_EXERCISE AIM:_
From the records below, extract only the lines running from the line with "Невероятно искренняя, брутальная" to the line with "נציגי שכבת כיתות", both lines included, reproducing them exactly.

_EXERCISE INPUT:_
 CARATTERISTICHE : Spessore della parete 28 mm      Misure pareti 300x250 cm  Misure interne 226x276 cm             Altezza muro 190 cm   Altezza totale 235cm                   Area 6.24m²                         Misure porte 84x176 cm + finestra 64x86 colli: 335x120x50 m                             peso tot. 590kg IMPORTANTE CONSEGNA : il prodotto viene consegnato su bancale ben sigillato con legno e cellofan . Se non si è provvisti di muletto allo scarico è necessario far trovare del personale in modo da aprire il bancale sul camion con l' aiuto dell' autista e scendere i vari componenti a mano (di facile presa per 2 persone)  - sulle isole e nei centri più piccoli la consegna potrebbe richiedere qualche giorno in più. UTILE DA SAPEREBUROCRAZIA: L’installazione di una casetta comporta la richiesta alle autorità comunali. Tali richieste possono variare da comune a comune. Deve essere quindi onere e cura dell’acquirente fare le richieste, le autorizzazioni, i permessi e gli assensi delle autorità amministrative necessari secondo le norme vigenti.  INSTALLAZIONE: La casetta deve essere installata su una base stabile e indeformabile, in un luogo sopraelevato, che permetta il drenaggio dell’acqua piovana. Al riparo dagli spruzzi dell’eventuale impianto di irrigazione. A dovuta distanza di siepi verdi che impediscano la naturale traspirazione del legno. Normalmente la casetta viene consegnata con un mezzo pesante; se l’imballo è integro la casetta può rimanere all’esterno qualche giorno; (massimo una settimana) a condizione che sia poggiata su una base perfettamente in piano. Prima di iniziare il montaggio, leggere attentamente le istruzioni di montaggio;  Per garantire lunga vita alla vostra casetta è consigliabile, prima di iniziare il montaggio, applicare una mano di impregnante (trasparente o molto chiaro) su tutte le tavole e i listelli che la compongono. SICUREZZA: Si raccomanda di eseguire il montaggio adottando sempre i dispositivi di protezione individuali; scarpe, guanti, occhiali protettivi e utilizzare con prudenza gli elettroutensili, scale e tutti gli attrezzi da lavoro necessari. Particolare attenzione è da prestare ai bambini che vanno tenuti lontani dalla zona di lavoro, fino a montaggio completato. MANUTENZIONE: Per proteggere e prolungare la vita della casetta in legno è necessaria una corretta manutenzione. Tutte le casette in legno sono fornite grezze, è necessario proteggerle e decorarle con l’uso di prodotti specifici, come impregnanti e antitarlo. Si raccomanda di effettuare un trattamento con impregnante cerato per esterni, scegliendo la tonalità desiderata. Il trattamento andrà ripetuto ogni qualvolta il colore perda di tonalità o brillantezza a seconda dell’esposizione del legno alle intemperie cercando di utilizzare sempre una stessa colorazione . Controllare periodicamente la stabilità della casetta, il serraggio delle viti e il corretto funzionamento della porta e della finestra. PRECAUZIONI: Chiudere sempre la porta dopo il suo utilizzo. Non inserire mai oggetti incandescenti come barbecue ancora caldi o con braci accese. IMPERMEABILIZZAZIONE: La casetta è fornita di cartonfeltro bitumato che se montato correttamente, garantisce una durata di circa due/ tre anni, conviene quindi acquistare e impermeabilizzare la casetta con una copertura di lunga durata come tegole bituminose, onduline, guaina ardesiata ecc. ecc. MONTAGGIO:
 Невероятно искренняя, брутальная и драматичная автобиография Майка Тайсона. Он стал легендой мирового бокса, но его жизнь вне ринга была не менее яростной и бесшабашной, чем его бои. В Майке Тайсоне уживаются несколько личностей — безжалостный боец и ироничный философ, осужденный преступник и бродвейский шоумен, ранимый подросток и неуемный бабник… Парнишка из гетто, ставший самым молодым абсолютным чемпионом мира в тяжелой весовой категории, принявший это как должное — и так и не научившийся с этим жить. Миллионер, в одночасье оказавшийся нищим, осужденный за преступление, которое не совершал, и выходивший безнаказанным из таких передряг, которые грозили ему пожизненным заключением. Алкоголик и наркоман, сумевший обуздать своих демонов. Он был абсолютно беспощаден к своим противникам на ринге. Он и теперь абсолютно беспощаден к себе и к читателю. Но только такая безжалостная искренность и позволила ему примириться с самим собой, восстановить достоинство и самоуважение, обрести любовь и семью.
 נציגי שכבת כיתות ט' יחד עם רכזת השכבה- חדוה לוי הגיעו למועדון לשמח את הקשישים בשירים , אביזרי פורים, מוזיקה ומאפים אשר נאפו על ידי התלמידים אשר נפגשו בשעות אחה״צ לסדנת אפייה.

==

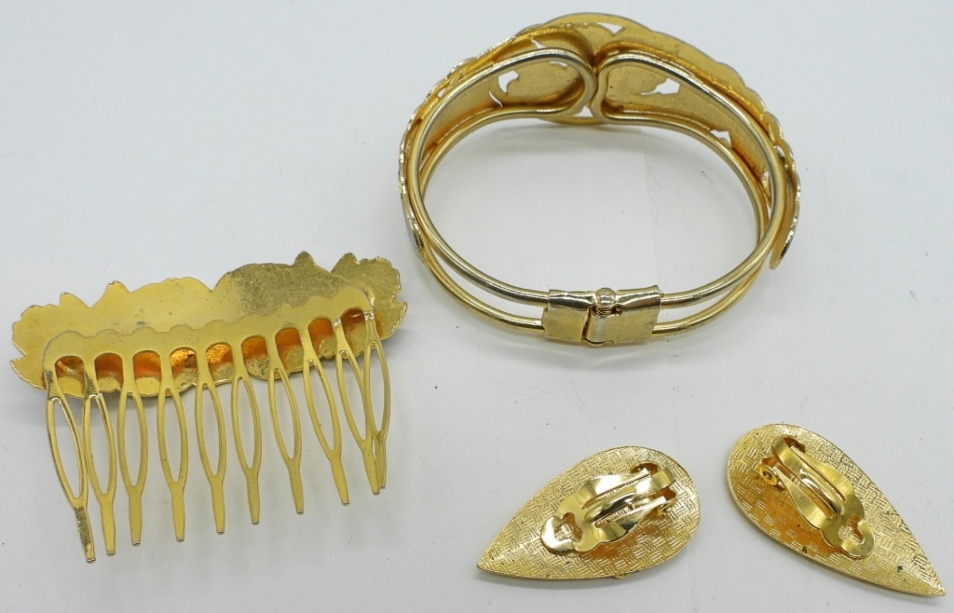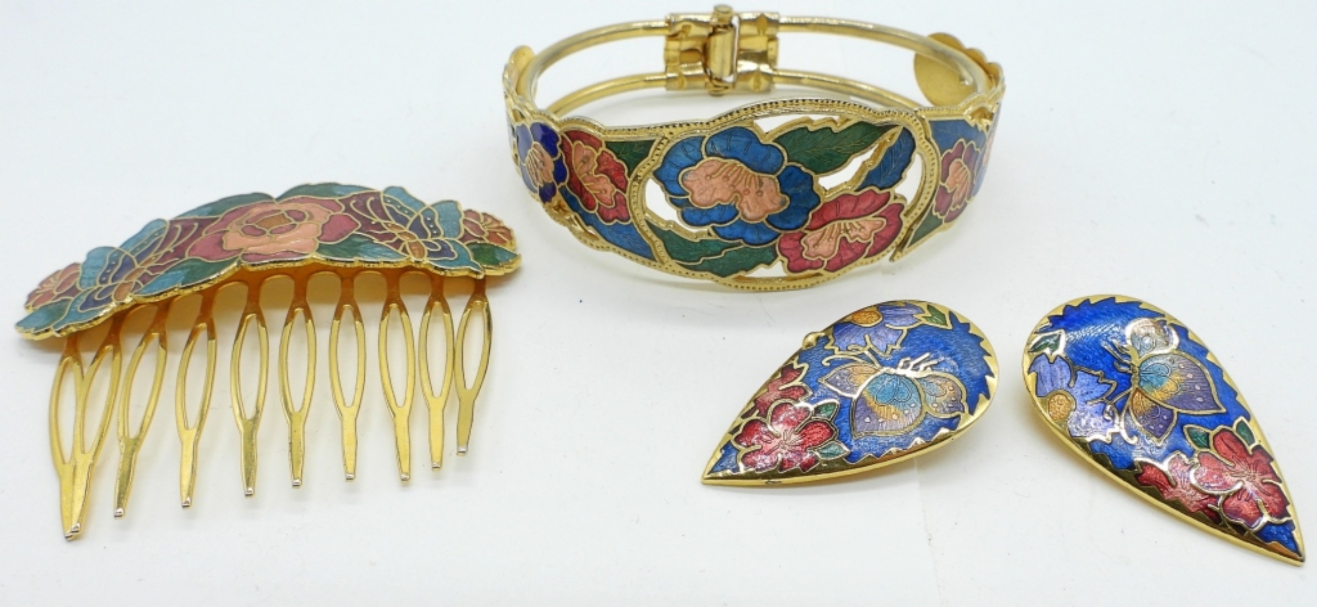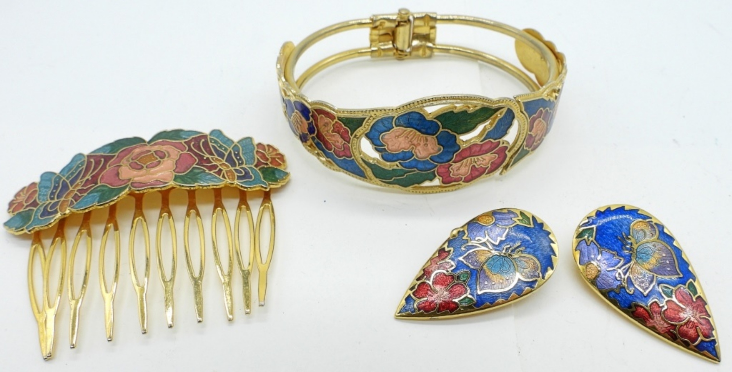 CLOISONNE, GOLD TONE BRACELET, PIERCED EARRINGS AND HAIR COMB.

_RESULT OF THIS TASK:_
 Невероятно искренняя, брутальная и драматичная автобиография Майка Тайсона. Он стал легендой мирового бокса, но его жизнь вне ринга была не менее яростной и бесшабашной, чем его бои. В Майке Тайсоне уживаются несколько личностей — безжалостный боец и ироничный философ, осужденный преступник и бродвейский шоумен, ранимый подросток и неуемный бабник… Парнишка из гетто, ставший самым молодым абсолютным чемпионом мира в тяжелой весовой категории, принявший это как должное — и так и не научившийся с этим жить. Миллионер, в одночасье оказавшийся нищим, осужденный за преступление, которое не совершал, и выходивший безнаказанным из таких передряг, которые грозили ему пожизненным заключением. Алкоголик и наркоман, сумевший обуздать своих демонов. Он был абсолютно беспощаден к своим противникам на ринге. Он и теперь абсолютно беспощаден к себе и к читателю. Но только такая безжалостная искренность и позволила ему примириться с самим собой, восстановить достоинство и самоуважение, обрести любовь и семью.
 נציגי שכבת כיתות ט' יחד עם רכזת השכבה- חדוה לוי הגיעו למועדון לשמח את הקשישים בשירים , אביזרי פורים, מוזיקה ומאפים אשר נאפו על ידי התלמידים אשר נפגשו בשעות אחה״צ לסדנת אפייה.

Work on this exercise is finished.